Exercise goal: Below are records with pictures. Reproduce exactly the lines from the line with "Ciboulette surgelée Daregal" to the line with "2、通过快速滑动与点击操作移动角色,在地牢环境中自由探索。", inclusive, and leave each picture out.

Records drawn from a dataset:
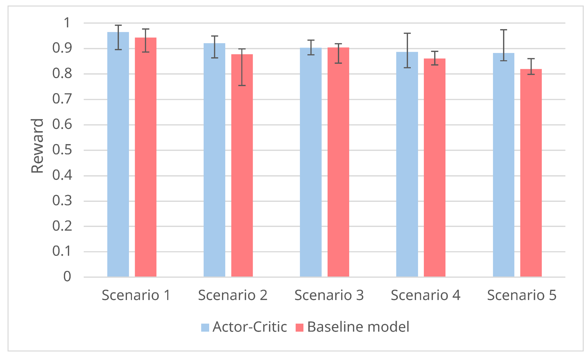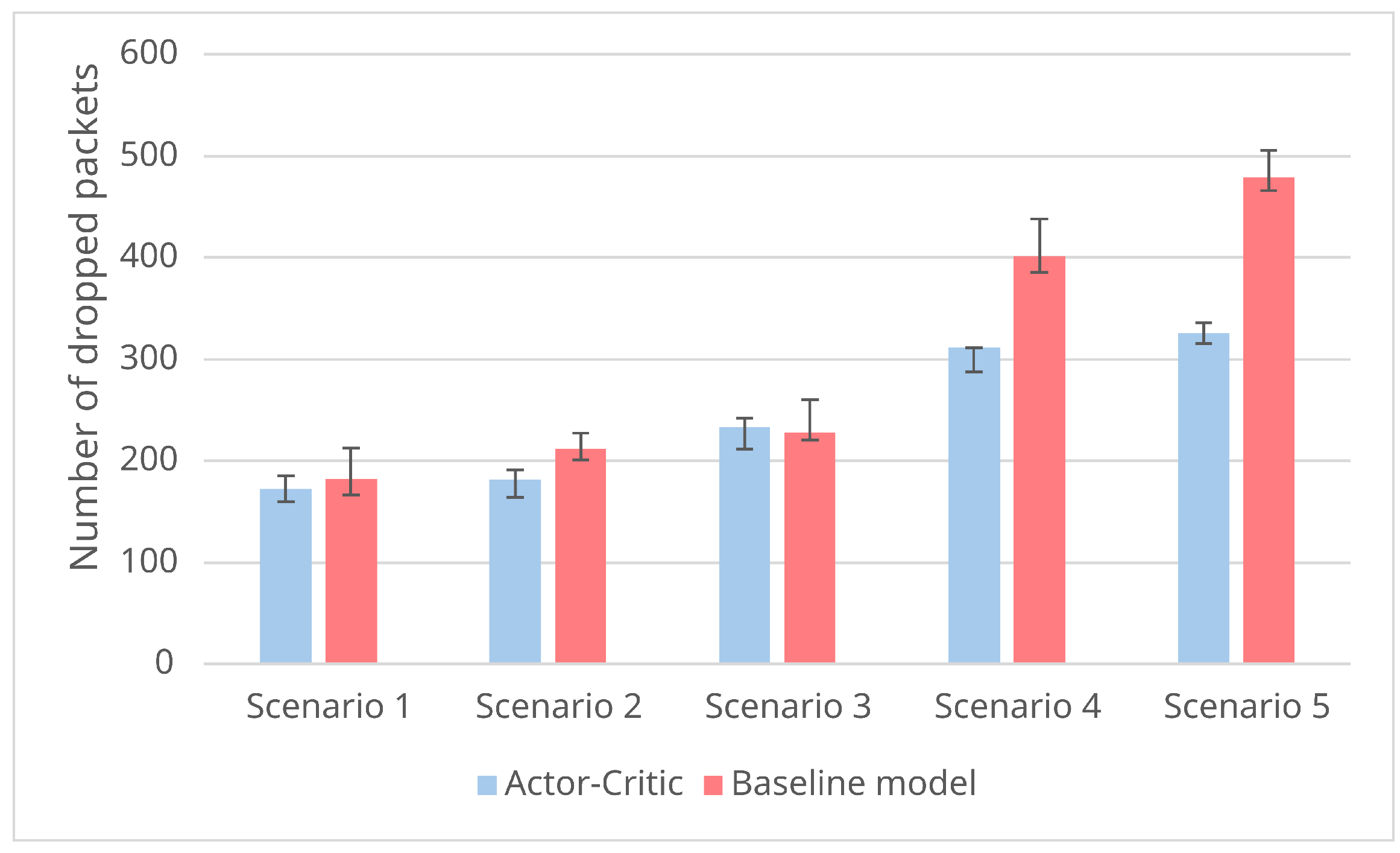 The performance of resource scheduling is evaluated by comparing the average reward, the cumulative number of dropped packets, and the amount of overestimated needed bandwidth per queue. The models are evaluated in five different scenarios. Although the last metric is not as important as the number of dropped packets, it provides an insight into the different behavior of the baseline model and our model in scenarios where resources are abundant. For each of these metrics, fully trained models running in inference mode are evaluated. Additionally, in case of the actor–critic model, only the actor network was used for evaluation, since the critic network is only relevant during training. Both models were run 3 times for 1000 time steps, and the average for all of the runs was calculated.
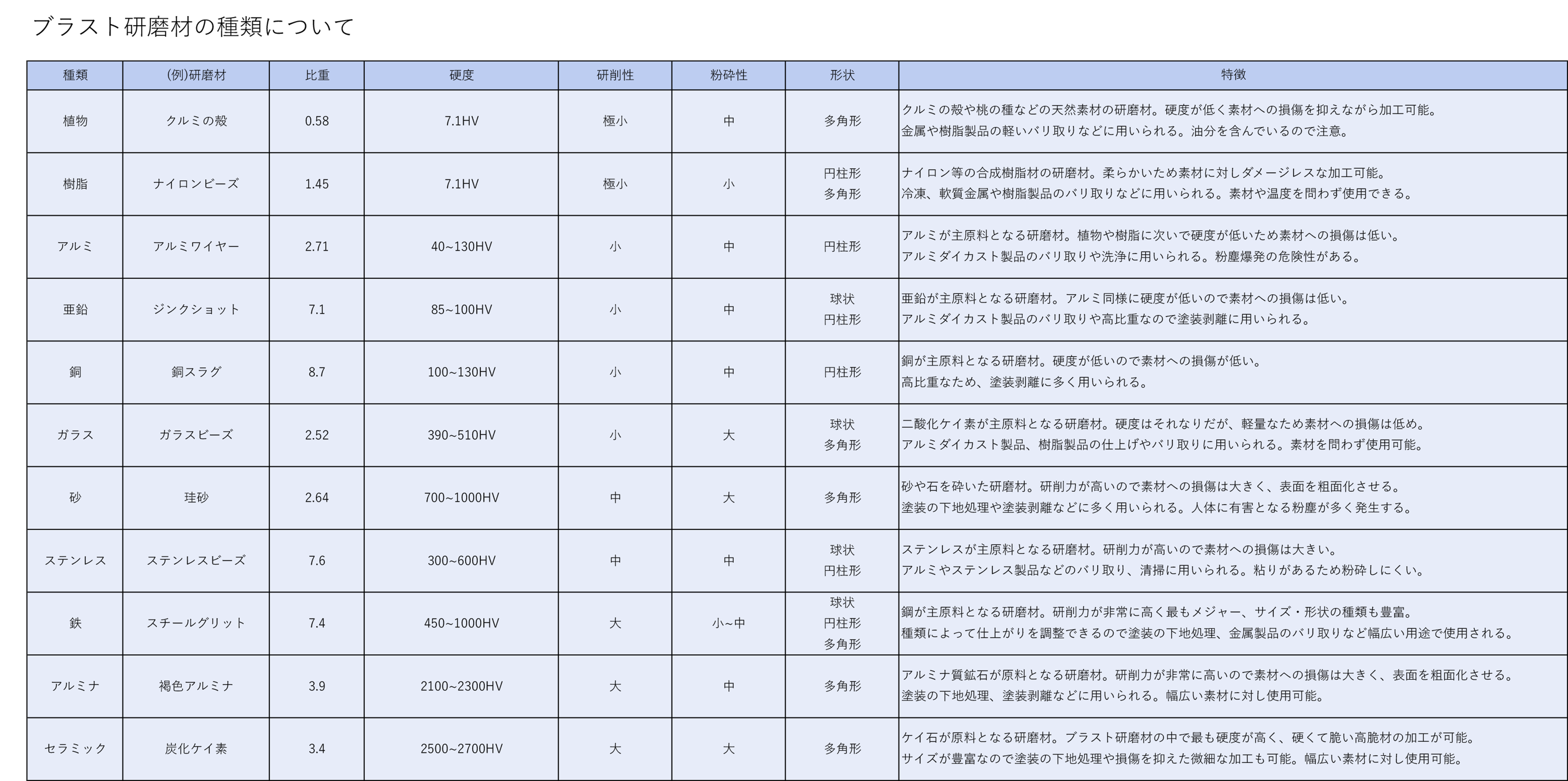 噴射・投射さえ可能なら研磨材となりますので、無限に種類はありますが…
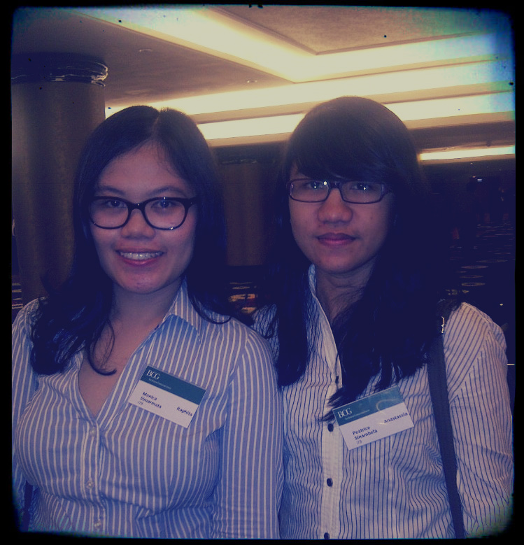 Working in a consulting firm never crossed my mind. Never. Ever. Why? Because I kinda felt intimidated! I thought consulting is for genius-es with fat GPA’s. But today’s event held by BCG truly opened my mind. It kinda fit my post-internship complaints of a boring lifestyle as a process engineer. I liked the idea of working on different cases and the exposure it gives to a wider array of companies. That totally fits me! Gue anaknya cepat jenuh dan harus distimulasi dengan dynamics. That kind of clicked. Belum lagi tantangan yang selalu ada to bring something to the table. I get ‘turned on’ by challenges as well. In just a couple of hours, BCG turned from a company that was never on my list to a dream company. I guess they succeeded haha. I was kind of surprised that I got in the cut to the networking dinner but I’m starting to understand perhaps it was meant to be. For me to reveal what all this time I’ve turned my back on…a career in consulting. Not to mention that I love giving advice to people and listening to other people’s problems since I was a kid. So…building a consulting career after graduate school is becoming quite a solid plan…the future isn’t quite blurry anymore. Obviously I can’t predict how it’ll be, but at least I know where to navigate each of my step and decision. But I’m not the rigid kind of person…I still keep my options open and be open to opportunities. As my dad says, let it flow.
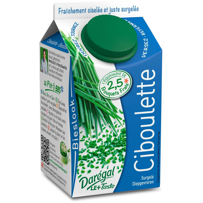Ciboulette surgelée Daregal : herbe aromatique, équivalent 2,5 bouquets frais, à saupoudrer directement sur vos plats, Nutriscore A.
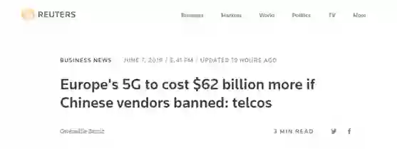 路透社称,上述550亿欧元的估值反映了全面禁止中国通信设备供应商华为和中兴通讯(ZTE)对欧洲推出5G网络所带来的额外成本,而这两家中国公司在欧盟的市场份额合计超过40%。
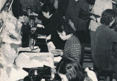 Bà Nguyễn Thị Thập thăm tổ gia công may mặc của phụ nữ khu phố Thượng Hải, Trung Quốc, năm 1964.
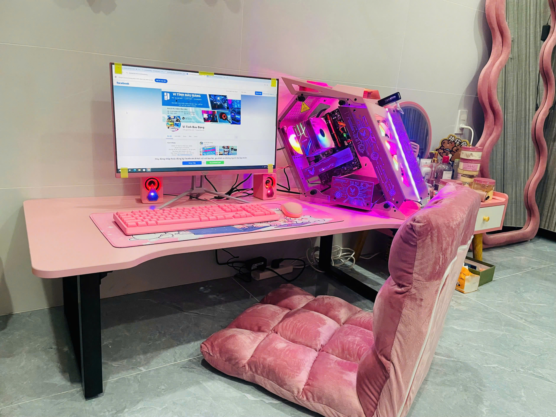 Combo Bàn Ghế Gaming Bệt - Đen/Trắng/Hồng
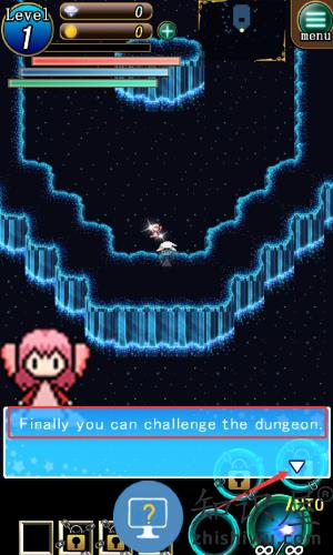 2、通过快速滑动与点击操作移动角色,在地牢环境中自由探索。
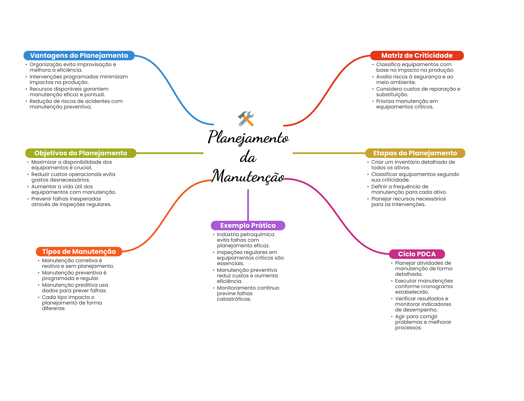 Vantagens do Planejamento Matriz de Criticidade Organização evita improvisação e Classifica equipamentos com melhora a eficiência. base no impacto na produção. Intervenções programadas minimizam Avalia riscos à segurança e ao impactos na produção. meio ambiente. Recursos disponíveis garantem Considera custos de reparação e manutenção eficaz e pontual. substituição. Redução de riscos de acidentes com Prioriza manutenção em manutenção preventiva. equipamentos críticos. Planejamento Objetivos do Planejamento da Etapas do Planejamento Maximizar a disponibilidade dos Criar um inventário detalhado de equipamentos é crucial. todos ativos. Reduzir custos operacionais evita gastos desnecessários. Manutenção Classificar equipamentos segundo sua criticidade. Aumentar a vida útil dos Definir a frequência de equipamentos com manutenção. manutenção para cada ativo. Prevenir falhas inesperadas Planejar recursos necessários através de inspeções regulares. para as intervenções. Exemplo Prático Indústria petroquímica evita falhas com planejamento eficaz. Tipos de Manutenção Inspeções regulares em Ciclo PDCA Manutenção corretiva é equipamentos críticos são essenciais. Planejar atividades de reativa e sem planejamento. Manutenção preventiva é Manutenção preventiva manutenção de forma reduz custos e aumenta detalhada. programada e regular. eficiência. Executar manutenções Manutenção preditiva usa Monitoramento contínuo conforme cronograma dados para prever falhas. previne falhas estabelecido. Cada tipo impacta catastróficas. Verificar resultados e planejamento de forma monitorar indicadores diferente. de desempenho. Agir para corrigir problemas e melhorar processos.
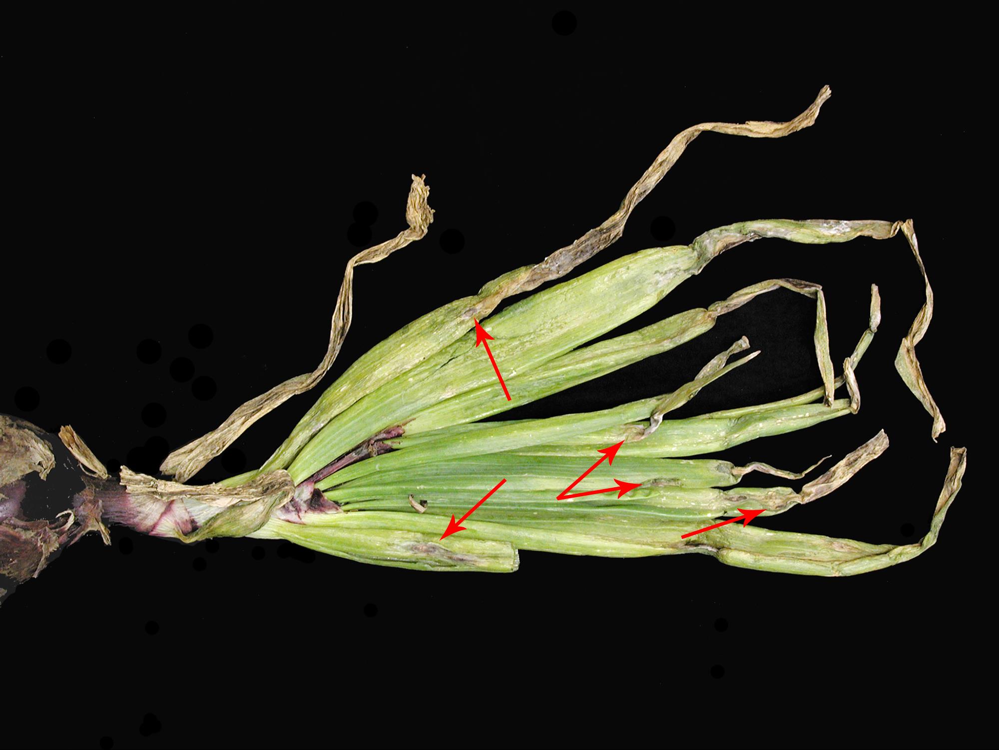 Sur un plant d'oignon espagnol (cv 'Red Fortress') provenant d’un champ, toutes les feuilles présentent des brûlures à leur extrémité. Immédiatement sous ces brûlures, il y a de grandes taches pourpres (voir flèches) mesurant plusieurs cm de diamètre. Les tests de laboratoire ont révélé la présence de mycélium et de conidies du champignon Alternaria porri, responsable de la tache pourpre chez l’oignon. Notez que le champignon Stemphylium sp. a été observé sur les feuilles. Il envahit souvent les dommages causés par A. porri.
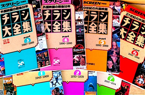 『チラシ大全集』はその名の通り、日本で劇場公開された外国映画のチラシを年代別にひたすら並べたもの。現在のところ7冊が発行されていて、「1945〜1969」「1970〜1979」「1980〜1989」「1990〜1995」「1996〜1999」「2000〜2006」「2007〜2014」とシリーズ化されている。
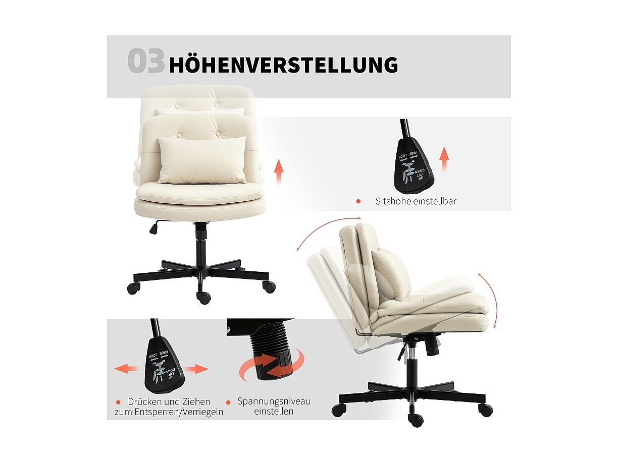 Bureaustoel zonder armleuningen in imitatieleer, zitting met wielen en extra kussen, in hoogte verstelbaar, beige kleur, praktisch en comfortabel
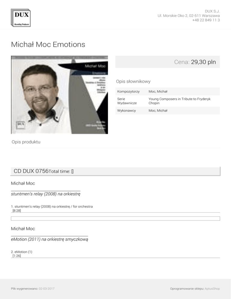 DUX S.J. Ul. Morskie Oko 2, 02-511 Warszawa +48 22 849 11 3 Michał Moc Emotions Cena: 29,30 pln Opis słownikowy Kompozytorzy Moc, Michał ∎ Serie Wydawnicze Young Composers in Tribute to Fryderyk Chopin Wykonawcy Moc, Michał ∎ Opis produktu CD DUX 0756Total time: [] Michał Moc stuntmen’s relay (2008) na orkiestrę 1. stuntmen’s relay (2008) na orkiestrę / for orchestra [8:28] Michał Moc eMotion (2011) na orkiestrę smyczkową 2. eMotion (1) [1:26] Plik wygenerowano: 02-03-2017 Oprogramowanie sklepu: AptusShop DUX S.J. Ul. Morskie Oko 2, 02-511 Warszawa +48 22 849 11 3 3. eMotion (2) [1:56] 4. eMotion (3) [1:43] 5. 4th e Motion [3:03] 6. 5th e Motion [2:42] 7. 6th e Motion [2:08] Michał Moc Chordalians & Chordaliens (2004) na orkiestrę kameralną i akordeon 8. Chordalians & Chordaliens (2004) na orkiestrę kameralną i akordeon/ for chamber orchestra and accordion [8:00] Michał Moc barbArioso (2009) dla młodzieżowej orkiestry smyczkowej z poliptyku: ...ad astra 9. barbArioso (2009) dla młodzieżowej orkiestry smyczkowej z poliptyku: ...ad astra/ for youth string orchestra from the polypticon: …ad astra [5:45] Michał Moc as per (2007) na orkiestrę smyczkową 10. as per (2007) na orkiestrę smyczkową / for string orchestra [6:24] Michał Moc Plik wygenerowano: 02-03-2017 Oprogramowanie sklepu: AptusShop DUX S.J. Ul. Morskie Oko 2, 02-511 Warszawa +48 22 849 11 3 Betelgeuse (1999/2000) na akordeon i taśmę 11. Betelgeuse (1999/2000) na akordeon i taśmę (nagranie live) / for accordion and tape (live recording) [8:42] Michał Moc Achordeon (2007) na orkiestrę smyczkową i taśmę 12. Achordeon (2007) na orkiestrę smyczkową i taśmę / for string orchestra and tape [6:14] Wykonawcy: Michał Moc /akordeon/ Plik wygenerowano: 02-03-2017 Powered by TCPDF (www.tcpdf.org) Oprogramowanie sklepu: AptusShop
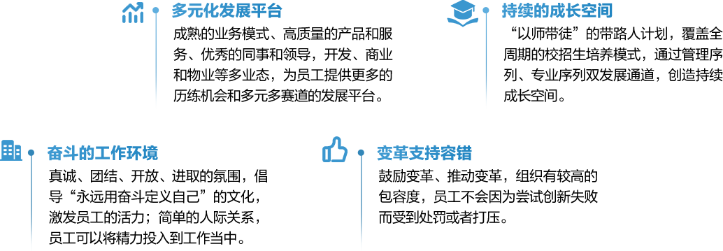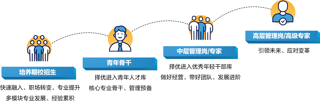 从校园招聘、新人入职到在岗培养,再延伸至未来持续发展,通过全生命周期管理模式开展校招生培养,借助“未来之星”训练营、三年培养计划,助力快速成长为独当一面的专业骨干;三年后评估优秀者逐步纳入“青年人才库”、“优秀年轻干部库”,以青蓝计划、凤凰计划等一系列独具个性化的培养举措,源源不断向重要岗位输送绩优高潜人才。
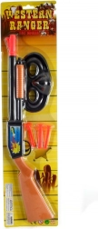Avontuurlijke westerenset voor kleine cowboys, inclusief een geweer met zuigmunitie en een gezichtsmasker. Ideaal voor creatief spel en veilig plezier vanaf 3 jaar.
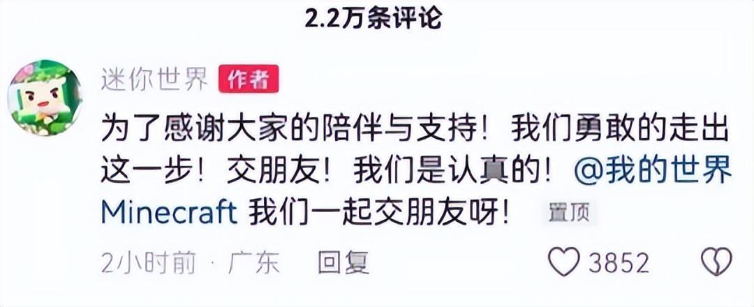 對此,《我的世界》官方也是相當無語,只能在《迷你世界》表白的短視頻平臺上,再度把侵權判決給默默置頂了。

Solved problem:
Ciboulette surgelée Daregal : herbe aromatique, équivalent 2,5 bouquets frais, à saupoudrer directement sur vos plats, Nutriscore A.
 路透社称,上述550亿欧元的估值反映了全面禁止中国通信设备供应商华为和中兴通讯(ZTE)对欧洲推出5G网络所带来的额外成本,而这两家中国公司在欧盟的市场份额合计超过40%。
 Bà Nguyễn Thị Thập thăm tổ gia công may mặc của phụ nữ khu phố Thượng Hải, Trung Quốc, năm 1964.
 Combo Bàn Ghế Gaming Bệt - Đen/Trắng/Hồng
 2、通过快速滑动与点击操作移动角色,在地牢环境中自由探索。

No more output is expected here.